Old Mutual expects its financial results from operations to increase between 89% and 109% in the year to December 31, the life assurance and financial services group said in a trading statement on Friday.
The share price traded 1.35% higher to R12.04 Friday morning, which is 30.23% up on the 52-week low of R9.21.
Adjusted headline earnings (AHE) for the group was expected to increase 7%-27% to between R5.79bn and R6.87bn compared with the same time last year. Adjusted headline earnings per share was expected to rise 7%-27% to between 127.2 cents and 150.9 cents, compared with 118.5 cents last year.
The group, which trades in 14 countries and is one of South Africa’s biggest financial institutions, said the significantly higher results from operations was mainly due to improved profits from strong sales and core operational performance across the group.

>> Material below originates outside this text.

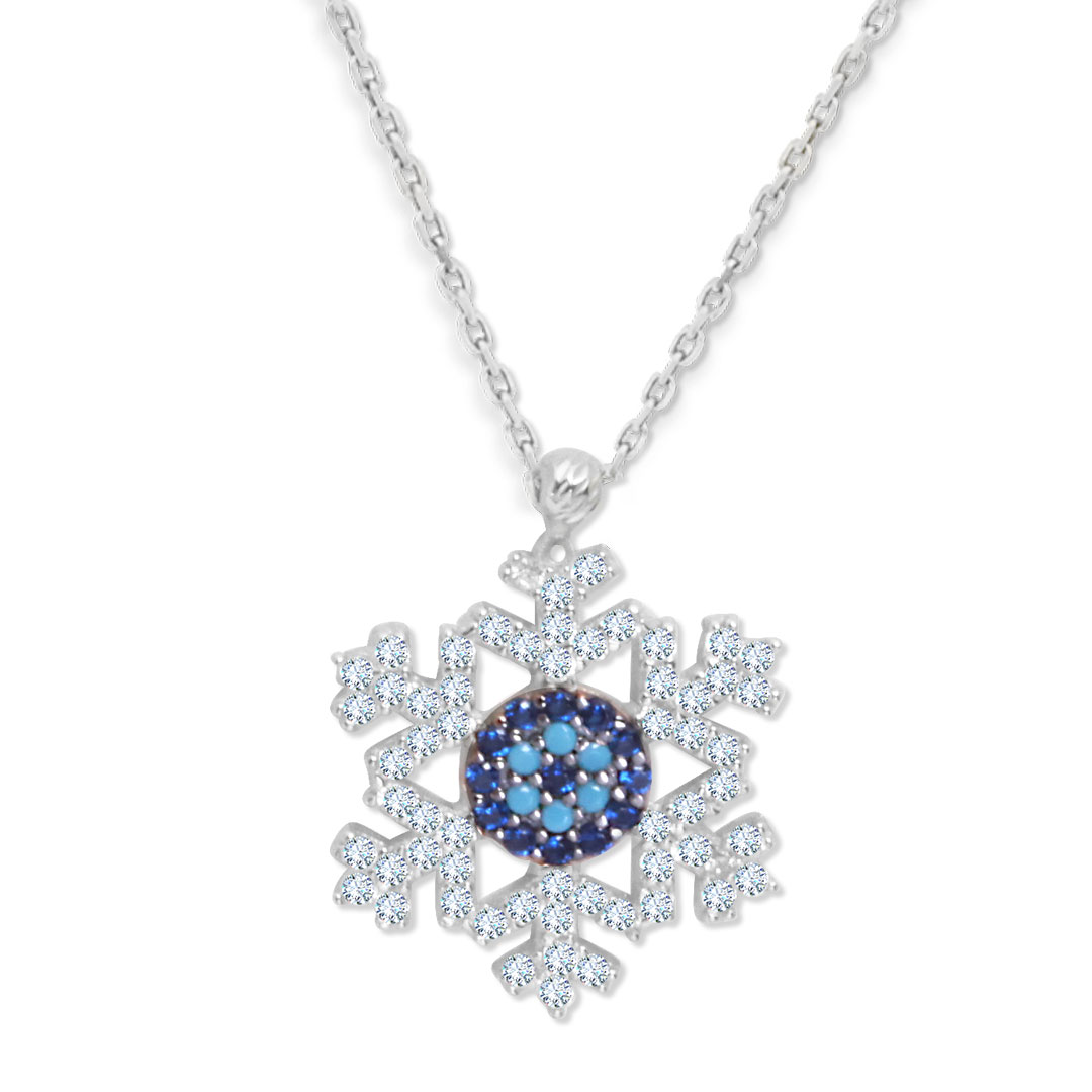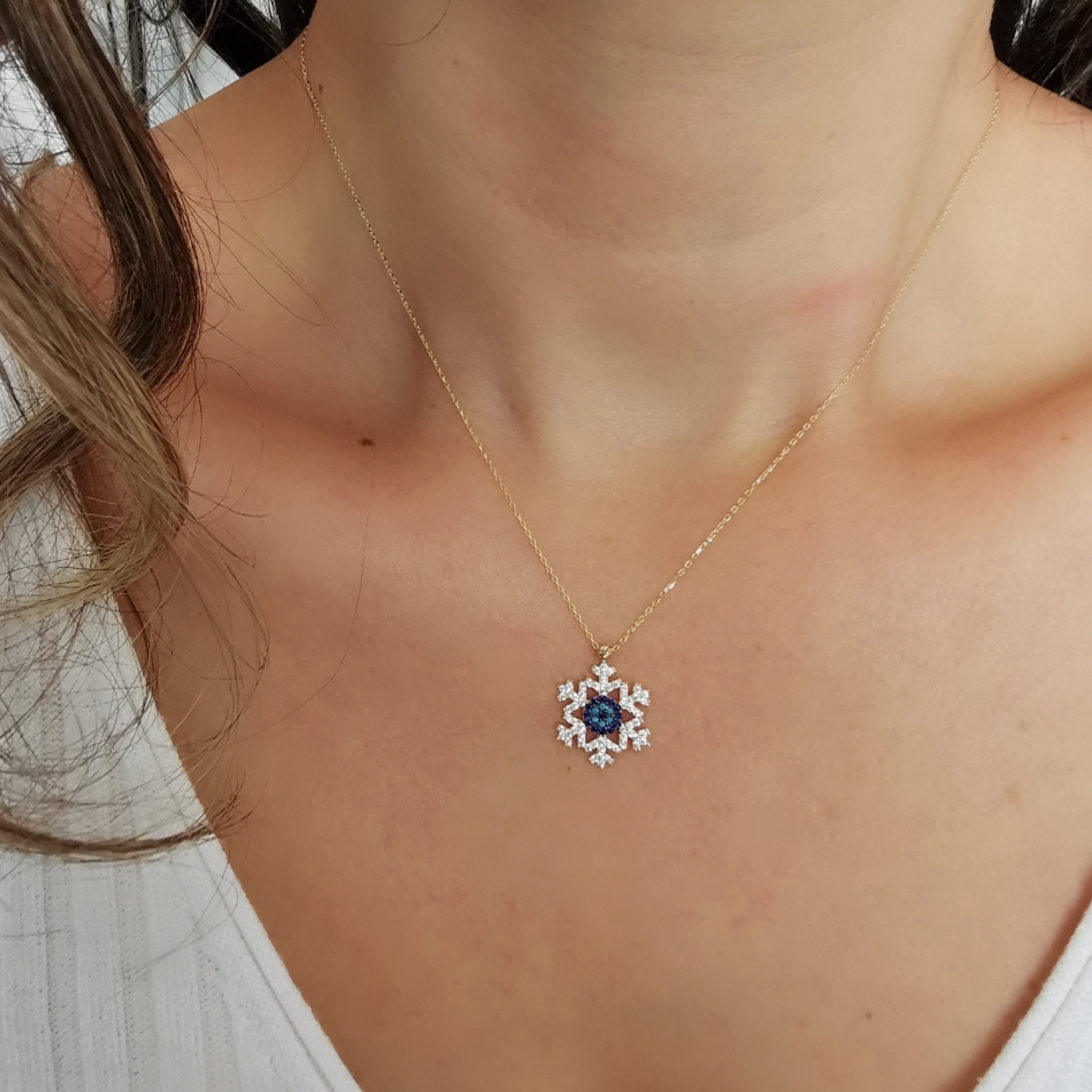 14 Ayar altın orta kısmı mavi taş detayları ile nazar boncuğu temsili tasarımıyla yaz kış severek kullanacağınız, spor giyim tarzınıza muhteşem uyum sağlayacak kar tanesi kolye.

“Our life profits benefited from a refinement in hedging methodology, enabling a material release of excess discretionary margins as well as lower mortality in the current year as the effects of Covid-19 eased.”
All remaining Covid-19 provisions were released, but the impact was offset by the strengthening on mortality basis to allow for endemic Covid-19 claims and worsened persistency as the challenging economic conditions continued to impact retail customers.
In 2021, AHE included equity accounted earnings from the stake in Nedbank, which was unbundled in November 2021.
The 12.2% stake that was distributed contributed R646 million of the R5.4bn of AHE in the comparative period.
Excluding the impacts of Nedbank, Old Mutual’s AHE was expected to increase by between 23% and 43%.
Headline earnings were higher than adjusted headline earnings, as adjusted headline earnings exclude earnings from operations in Zimbabwe, adjustments from equity and debt instruments held in life funds, as well as the impact of restructuring.
The movement in headline earnings and adjusted headline earnings relative to the prior year was mainly driven by much better operating profits, partially offset by the deferred tax associated with the unbundling of Nedbank and a decline in Zimbabwe earnings.
Lower Zimbabwe earnings was largely due to the weakening of Zimbabwean dollar to the rand and falling investment returns on equities traded on the Zimbabwe Stock Exchange (ZSE) relative to the prior year.